How Does The Australian Dollar Affect Property Prices?
The Australian dollar has fluctuated significantly over the last 10 years or so, starting at $0.70 it grew to over $1.10 and has now fallen back to under a dollar. But how does the Australian dollar affect property prices and is there a link between the two at all?
Where Changes In The Australian Dollar DOES Affect House Prices
Let’s start by looking at where changes in the Aussie dollar may affect prices and if we can find a link or a correlation between the fluctuating Australian dollar and fluctuating house prices.
Firstly the lowering of the Australian dollar promotes tourism in Australia because then more people from outside the world can come to Australia for a cost effective holiday. This promotes tourism and means we’re more likely to have more tourists in the country. So the lowering of the Aussie dollar is going to benefit tourist dominant areas. Places like Cairns or even the Gold Coast.
The increase in the Aussie dollar can affect exports because exports become more expensive and people are less likely to pay for them because they’re based on the Australian dollar.

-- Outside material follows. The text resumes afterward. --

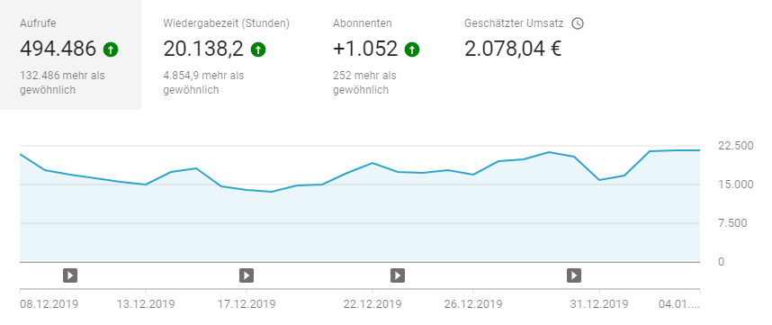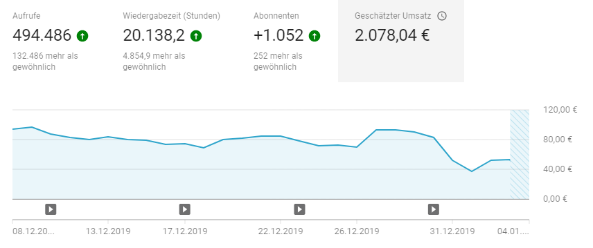 ich wollte mal fragen, ob bei euch die Adsense Einnahmen seit 01.01.2020 deutlich gesunken sind, wie es bei mir der Fall ist. Die Aufrufe sind bei mir recht gleich geblieben und diesen radikalen Fall nach unten hatte ich letztes Jahr bei meinen Einnahmen nicht. Mich würde es nur interessieren, ob es sich wieder einpendelt und ob Youtube hier etwas geändert hat, was ich nicht mitbekommen habe.
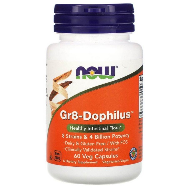 Gr8-Dophilus від NOW - це суміш 8 різних видів корисних бактерій, розроблена для підтримки здоров'я шлунково-кишкового тракту і роботи імунної системи. До складу також входять фруктоолігосахаріди, що сприяють здоровому росту ацідо- і біфідобактерій. Завдяки кишковорозчинній оболонці, Gr8-Дофілус від NOW доставляє мікрофлору безпосередньо в кишечник, успішно минаючи жорстку кислотну середу шлунка.

This could negatively affect places such as mining and other micro-economic townships that rely heavily on exports. The lowering of the dollar could have a positive affects in these mining towns.
Australian Dollar Fluctuations vs Property Price Fluctuations
Looking at the fluctuations in dollar from 2003 until today. It started at $0.70 and has grown to over $1.10 and then gone back below $1.00.
However, we’ve seen consistent growth in the Australian property market over that period – even when prices of the Australian dollar went down.
From 2003 to 2011 the Aussie dollar group from $0.70 US to $1.10 or $1.11 US – that is a 57% growth rate in that period! However the median house prices in Sydney only grew 9% in that same period.
A growth of 57% vs 9%?
It doesn’t necessarily look like there’s a huge correlation there. Also, property prices continued to increase despite the Aussie dollar dropping below $1.00 US.
So when the Aussie dollar grew significantly house prices didn’t grow in line with it, and when the Aussie dollar dropped down house prices didn’t drop down with it.
It seems unlikely that we are seeing a huge correlation between the two.
The Australian Dollar Vs Other Currencies
We also need to look at what we are comparing the Australian dollar to. We only generally look at the Australian dollar against the US dollar.
But what about the a Australian dollar versus the Yen, or versus Pound, or versus the Euro?
The US dollar has fluctuations of it’s own, by only comparing the Australian dollar to the US dollar it’s not giving you a perfect idea of how the Australian dollar is growing and changing in the global market. Just looking at the comparison between two currencies isn’t going to give us a good enough idea.
And if we were able to collect all the data, there would probably so much happening in fluctuations of the different dollars that would be hard to link any changes in the Australian property market the changes in the Australian dollar compared to the rest of the world.
No Link To Go To The Bank On
So there is not a correlation that I can find that you can bank.
The property market as a whole market is affected by so many different things. You’ve got:
The reserve bank – Who have an influence on house prices with their low interest rates or raising interest rates. This obviously has a significant effect on house prices in the country.
Politicians – Changes in legislation can change house prices. Imagine if they were to take away the tax benefits of property tomorrow…house prices would probably significantly drop in value.
The economy- When the economy is booming and people are doing great (earning more money) it’s more likely that house prices are going to increase. If the economy is suffering then house prices are likely to be effected by that.
Supply and demand – This occurs locally. When supply outstrips demand prices go down, when demand is great than the supply then house prices increase.
Foreign investment – This is probably the things that influence house prices compare to the Australian dollar the most of these factors.
So in terms of the local Australian market, flucuations in the dollar is not something that I would really go to the bank on.
For me personal I actually love it when the Australian dollar is doing poorly compared to the US Dollar because I run a site where I review coolers made in the USA and I make money in US Dollars. So it actually works in my favour when the Australian dollar isn’t doing amazing.